I have a plan that will harness our strengths and put Connecticut back on a path toward fiscal  responsibility, which is the fundamental building block for everything else we do. I will strengthen the  alliance between our state government, corporations and universities. There should be ongoing,  substantive dialogue between leaders in all three sectors to ensure that that state is planning  strategically for the industries of tomorrow, and that we are giving our students the skills they need to compete in them.

I also think that the private sector has a role to play in accelerating our $100 billion, 30-year  infrastructure investment program.

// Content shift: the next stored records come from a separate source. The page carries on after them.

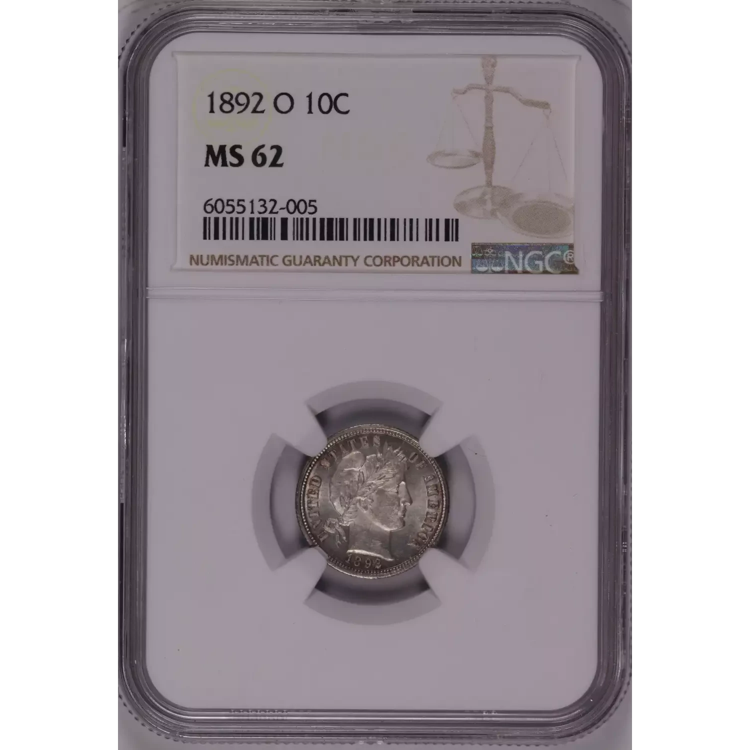 1892-O Dimes Barber or Liberty Head NGC MS-62
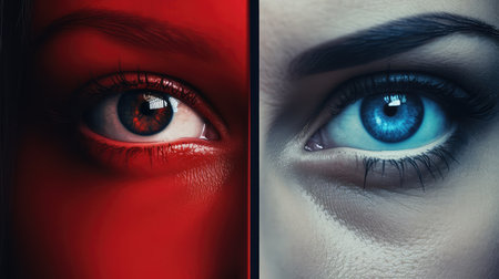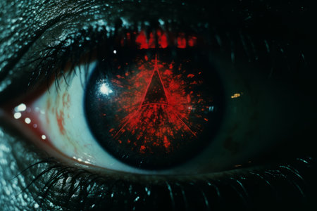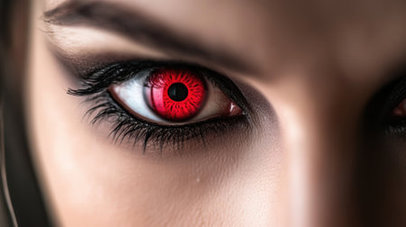 A close up of a womans eye with red glowing eyes, AI
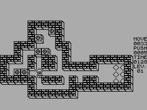 Культовая головоломка, в которой игрок управляет кладовщиком, передвигающим ящики по лабиринту. Цель – расставить все ящики на отмеченные места, избегая тупиковых ситуаций. Польская версия для ZX Spectrum, созданная WE [Poland] в 1991 году, сохраняет классический геймплей, но адаптирована под ограничения 8-битного компьютера.
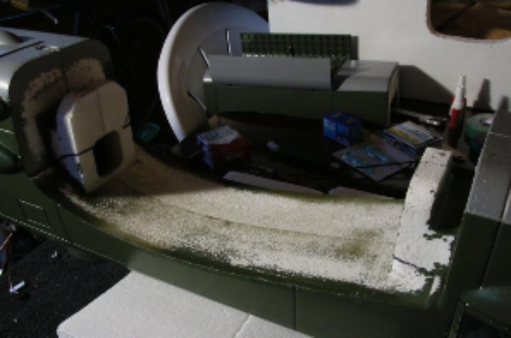 Bevor es an das Verkleben der beiden Rumpfteile ging wurde der Innenraum des Hauptrumpfes hinter den Geschützen noch mit schwarzer Farbe angepinselt. Danach wurden am Hauptrumpf die Klebstelle geschliffen, der Staub wurde entfernt und mit Alkohol abgerieben. Im Anschluß wurden die beiden Teile an den Klebestellen mit 2K Epoxidharz (30min.) eingestrichen und miteinander verklebt. Klebereste am besten gleich mit Alkohol entfernen. Prüfen ob die Teile auch alle schön gerade sind und 24 Stunden trocknen lassen.
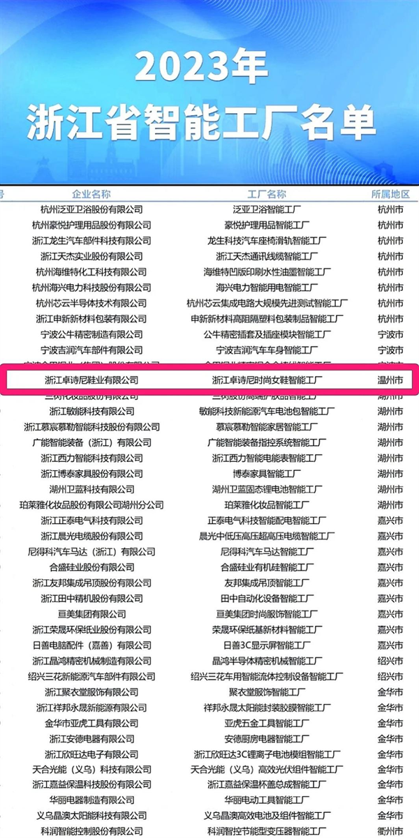 近日,浙江卓诗尼鞋业有限公司(以下简称“卓诗尼”)斩获“浙江省智能工厂”荣誉称号。
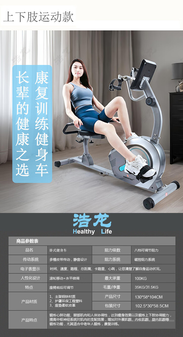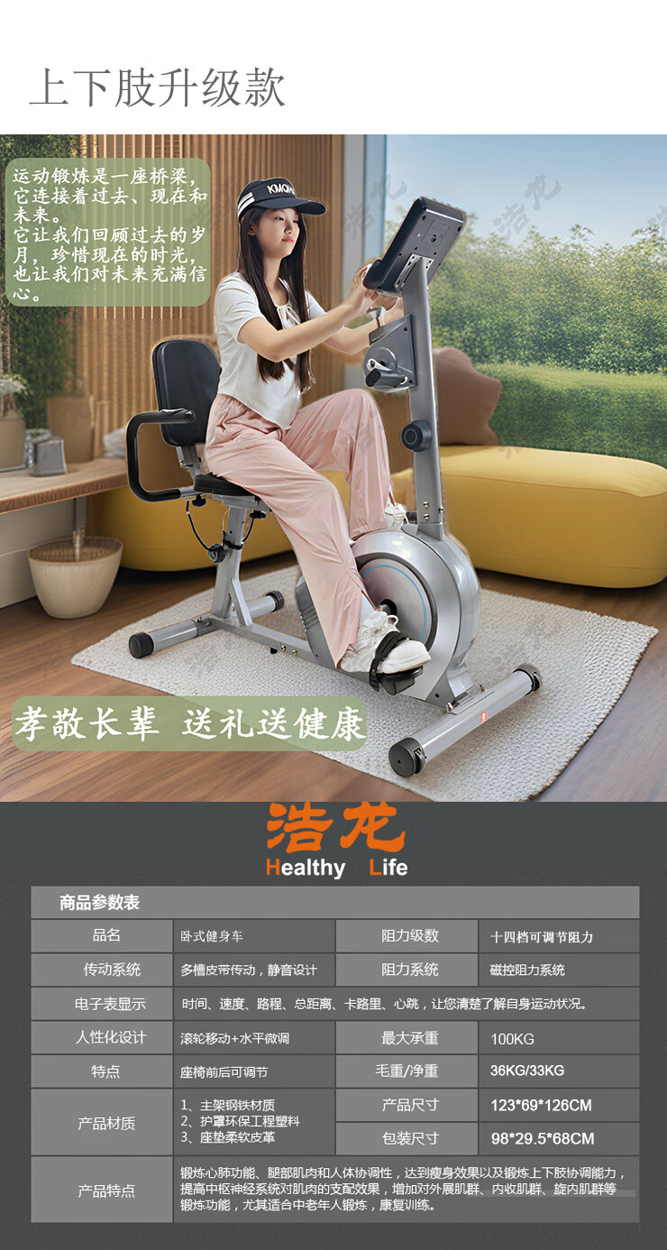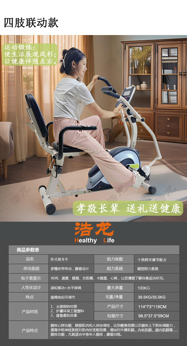 Baichao Langsbo horizontal magnetically controlled upper and lower limb power bicycle for middle-aged and elderly fitness active coordinated backrest rehabilitation training horizontal exercise bike (classic model)

My plan is to engage the private sector more extensively in a major  buildout of our roads, bridges, freight and passenger rail systems, broadband capability and more. There  2  are innovative financing techniques we can use, along with the creation of a State Infrastructure Bank,  to speed up the delivery of our “Let’s Go CT” transportation plan and make our state a more attractive  destination for businesses.

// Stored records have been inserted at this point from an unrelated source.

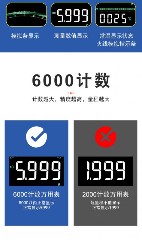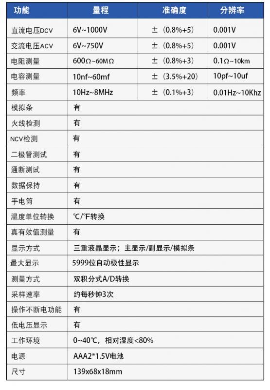| 交流電壓ACV | 量程:6~750V 精度:±0.8%±5 分辨率:0.001~1V |
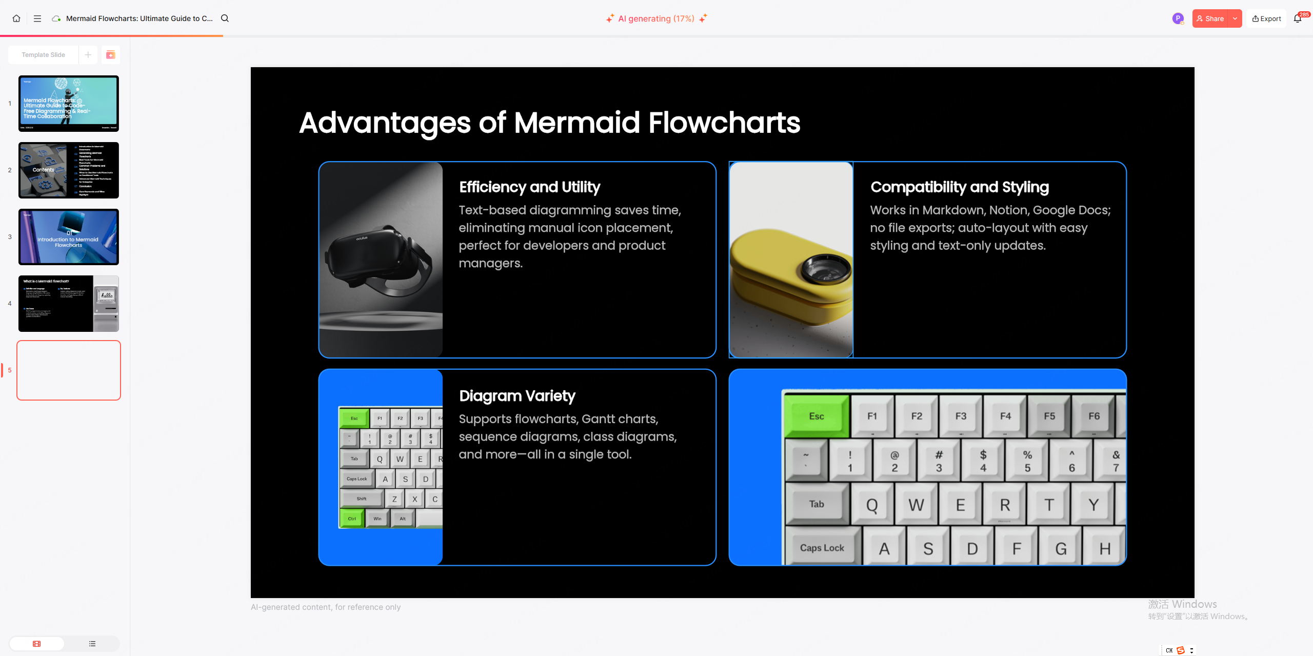 Flexibilität und Einheitlichkeit: Diese Flexibilität ermöglicht es Ihnen, eine einzigartige Präsentation zu schaffen, die Ihre Geschäftsidentität widerspiegelt. KI-Tools helfen sogar dabei, Markenelemente (Logos, Unternehmensfarben, Schriftarten) automatisch auf alle Folien anzuwenden und so ein professionelles, einheitliches Erscheinungsbild zu gewährleisten.
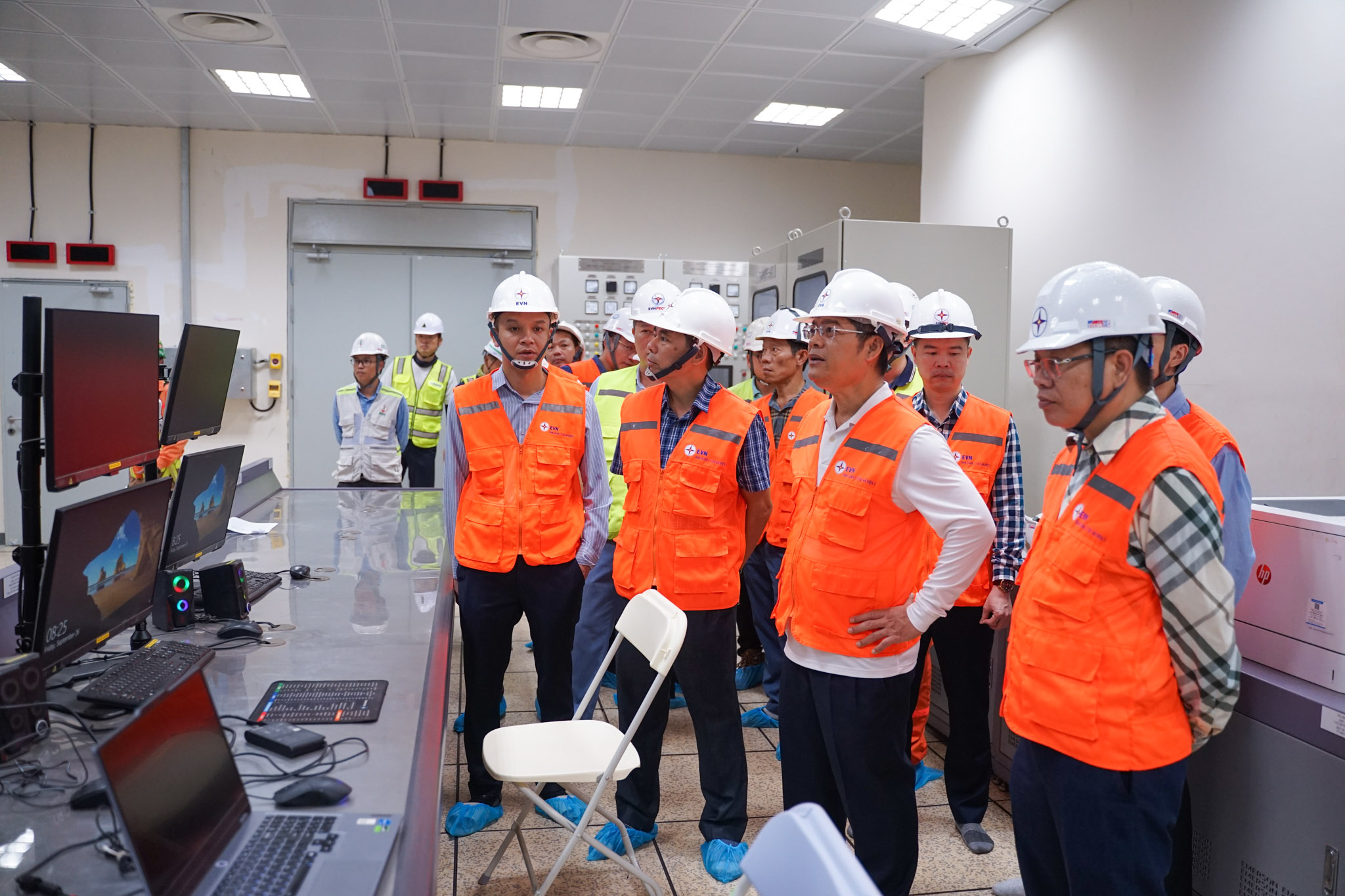 Phó Tổng giám đốc EVN Nguyễn Tài Anh kiểm tra phòng điều khiển trung tâm Nhà máy Nhiệt điện Quảng Trạch 1

We also can’t afford to keep losing our college graduates to other states. That is why I am proposing that  the private and public sector join forces to fund a “Student Loan Forgiveness Program” for those young  people who make a commitment to work in Connecticut for at least five years. Studies show that after  five years, there is a greater sense of connection to a town or a state, so this plan could help us stem the  out-migration of young adults.

Connecticut was unusually hard hit by the 2008 recession and the sequester, given our reliance for tax  revenues on the financial services and defence sectors. While those industries remain important to us,  we clearly need to do a better job of diversifying and expanding our tax base. That is why we need to  attract businesses in other industries seeking a highly-skilled workforce, including media and telecoms,  bio-sciences, advanced manufacturing, and technology. I want to see us expand the work being done in  “Silicon Harbor” in Stamford around the state, since the main reason GE decamped to Boston was the  technology eco-system which had been created around that city’s university system. We have the ability  to create a financial technology hub in Connecticut, especially for start-ups that don’t need to be paying  Manhattan rents.

We also have a great opportunity to help modernize and develop a number of our cities to attract  younger workers with more moderately-priced housing. Transit-oriented development hubs are  particularly appealing to millennials, since many prefer a low-maintenance lifestyle that does not rely on  owning a car.

Lastly, we need to have the courage to address our public sector pension funding problem. While we  would not want to unfairly penalize those nearing retirement, we need to seriously think about moving  new state workers to 401ks, like the approach that the Town of Greenwich took with its municipal  employees. We also need to consider more meaningful structural reforms. For example, a move away  from a traditional defined benefit plan to a “target benefit” plan would allow the state and its  employees to share risks that are currently being borne entirely by the state (and ultimately by  taxpayers). Finally, reforms should include a more realistic sharing of healthcare costs by state  employees.

Connecticut has a long and proud history that includes innovation, hard work, political reform and a  commitment to education. In the 21 st century, these same values still drive us and inspire us. I believe  that we are well-positioned to capitalize on the challenges and opportunities ahead of us. But, we can’t  do that unless we send the right people to Hartford; those who have a positive vision and the right plans  and experience. If the voters of Greenwich honor me with their trust, I vow to bring all my experience  and creativity to bear on our state’s most intractable problems. We may be a small state, but we have  unlimited potential. I want to do my part to make Connecticut a success story again, and I respectfully  ask for your vote on November 8.

Dita Bhargava

Note: The deadline for letters to the editor in support of candidates running in the Nov 8 election was Oct. 28.